I went back and forth on whether to mention this, because Amcor is a good vendor in many ways. But the Evansville plant specifically? I've heard rumblings from peers about longer lead times and inconsistent quality. The hiring push feels reactive, not proactive.
The Leonard Catalog Problem: When Procurement Gets Complicated
This is where the leonard catalog comes into playâtangentially, but stick with me. In procurement, a well-organized catalog is worth its weight in gold. The Leonard catalog, for those who don't know, is a massive industrial supply database. When I use it, I expect consistency: part numbers, specs, pricing.
Post-merger packaging companies often struggle to maintain catalog integrity. You get duplications, outdated specs, wrong pricing. It's the same problem Amcor faces: stitching together two product catalogs from two companies that used different numbering systems. It's a total cost of ownership nightmare.
Leopard Print Poster: A Distraction from the Real Issue
A leopard print poster has nothing to do with packaging procurement. But it's a useful analogy. Sometimes, we get distracted by the flashy stuffâthe bold designs, the new product launchesâwhile ignoring the boring, expensive stuff underneath.
The leopard print poster is the shiny object. The real work is in the supply chain, the quality checks, the system integrations. Amcor's hiring might look like they're printing new posters, but I suspect they're just trying to keep the warehouse running smoothly.
How Many Times Do You Wrap Teflon Tape? The Importance of Getting It Right the First Time
I've been asked how many times do you wrap teflon tape on a threaded pipe. The answer is 3-5 wraps. But the real lesson is: do it right the first time, or you'll be back to fix a leak.
The 12-point checklist I created after my third packaging spec error has saved us an estimated $8,000 in potential rework. 5 minutes of verification beats 5 days of correction. That's the philosophy I bring to evaluating the Amcor-Berry merger: they need to be incredibly careful right now, because one wrong spec migration could cause a cascade of customer problems.
Responding to the Expected Pushback
I know what some will say: "Amcor is hiring because they're winning new business and need capacity."

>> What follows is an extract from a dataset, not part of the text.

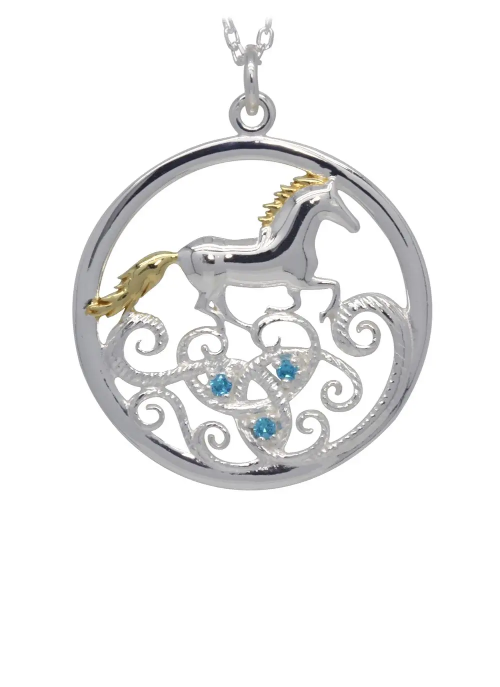 Niamh, from the mythical Irish land of TÃr Na nÓg (Land of Eternal Youth), traveled to the human world to find true love. There, she fell in love with the Irish hero OisÃn. Together they journeyed back to TÃr Na nÓg and emerged into the land of eternal youth. However OisÃn became homesick for Ireland and rode under the waves to his home on a magical horse. This Celtic pendant beautifully brings this legend to life.
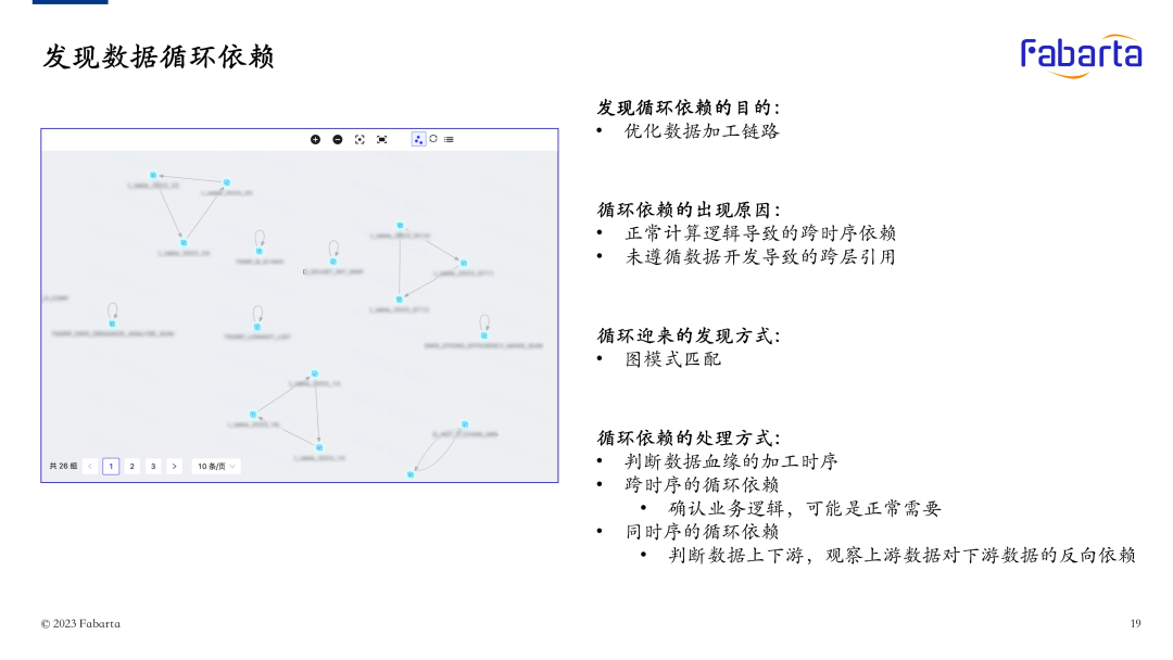 为了发现这种重度复用的汇总表,可以从热点数据的血缘关系中进行观察。对于不同类型的热点数据,可以采取不同的处理方式。例如,对于重要的维度表,我们应重点保障其稳定性,并可能优化存储方式以提高访问性能。对于热门的明细表,可以考虑提取公共指标,以简化数据加工复杂度,并让其频繁被读取。如果无法提取公共指标,仍需重点保障其稳定性。如果存在重度复用的汇率总表,可以考虑按照不同的指标或业务维度进行拆分,并进行分表存储。这样做可以简化其他方面的数据治理复杂度。如果所有指标都存在于同一张汇总表中,那么数据质量的监控会面临困难。同样,数据安全的分类和分级也会变得复杂。因此,尽可能进行分表存储是明智的选择。3.发现数据循环依赖

Sure, that's part of it. But if you look at the job typesâsupply chain, quality, maintenanceâthose are integration roles, not innovation roles. If Amcor were truly expanding into new markets, you'd see more R&D postings, more business development roles. Instead, the jobs are operational and defensive.
Another common counterpoint: "Mergers always create temporary friction, but long-term benefits outweigh the costs." I agreeâin theory. But as a cost controller, I'm not paid in theory. I'm paid in invoices. And right now, the cost of integration is hitting our budget in ways I didn't anticipate.

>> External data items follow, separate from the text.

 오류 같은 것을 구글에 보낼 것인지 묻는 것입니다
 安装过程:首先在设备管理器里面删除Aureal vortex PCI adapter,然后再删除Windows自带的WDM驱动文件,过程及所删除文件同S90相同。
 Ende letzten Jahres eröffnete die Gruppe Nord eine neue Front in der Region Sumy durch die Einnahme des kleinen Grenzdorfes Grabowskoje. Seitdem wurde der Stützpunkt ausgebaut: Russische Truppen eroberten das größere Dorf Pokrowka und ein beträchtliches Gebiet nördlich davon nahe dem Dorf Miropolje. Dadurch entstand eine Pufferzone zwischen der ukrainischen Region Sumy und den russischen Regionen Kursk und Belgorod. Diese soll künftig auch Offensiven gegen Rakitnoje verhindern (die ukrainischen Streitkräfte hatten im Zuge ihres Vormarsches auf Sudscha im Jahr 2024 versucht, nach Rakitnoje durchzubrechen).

I wish I had tracked the time my team spent dealing with the transition more carefully from the start. What I can say anecdotally is that the first quarter post-announcement added about 15% overhead to our vendor management time. That's not sustainable.

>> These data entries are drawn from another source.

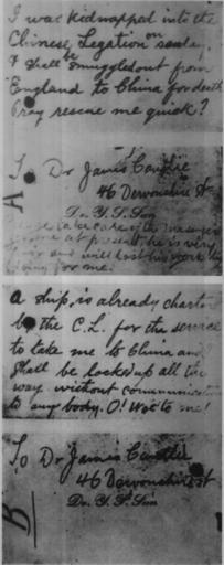 | Keywords: Sun Yar Sen's two short letters to his teacher James Cantile.png English Dr Sun's two short letters to his teacher Dr James Cantile of the College of Medicine for the Chinese Hong Kong Sun Yat Sen is the father of China and died at 1925 therefore the photo must be in public domain Sources Sun Yat-Sen In commemoration of the 130th anniversary of Dr Sun's birth Edited by Shanghai Museum of Sun Yat-Sen's Former Residence 中文︰ 是孫中山先生 敦被清政 困禁時,向其於香港西醫書院就學時的 師康德黎 寫的兩封求救短信 孫中山為中 父,並於1925年辭世,因此 張照片現 屬於公 領域 來源︰孫中山 念孫中山先生誕辰130 年 上海孫中山故居 念館編 Sun Yat-sen PD-old |
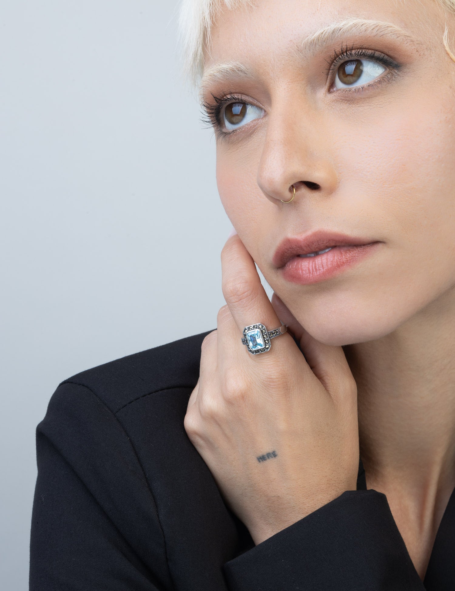 Anel Delicado, Prata de lei 925, Zircónia de cultivo, Marcassita de cultivo
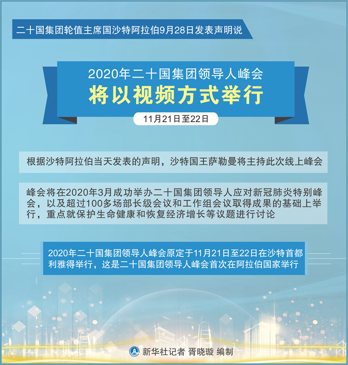 新華社利雅得9月28日電(記者涂一帆)二十國(guó)集團(tuán)輪值主席國(guó)沙特阿拉伯28日發(fā)表聲明說(shuō),今年二十國(guó)集團(tuán)領(lǐng)導(dǎo)人峰會(huì)將于11月21日至22日以視頻方式舉行。

My Final Take: Don't Confuse Hiring with Health
Look, I'm not saying Amcor is a bad company. They're a global leader for a reason. Their scale, their sustainability push, their global footprintâthose are real advantages. But as someone who's been managing packaging procurement for six years, I've learned that hiring waves during M&A are a mixed signal.
Sometimes, the most important thing a company does isn't the big strategic move. It's the boring, unglamorous work of getting the basics right. Right now, Amcor's hiring spree looks less like a victory lap and more like a repair job. And as a buyer, that's what I'm watching.
Prices and hiring data as of early 2025. Verify current job postings at careers.amcor.com for the latest.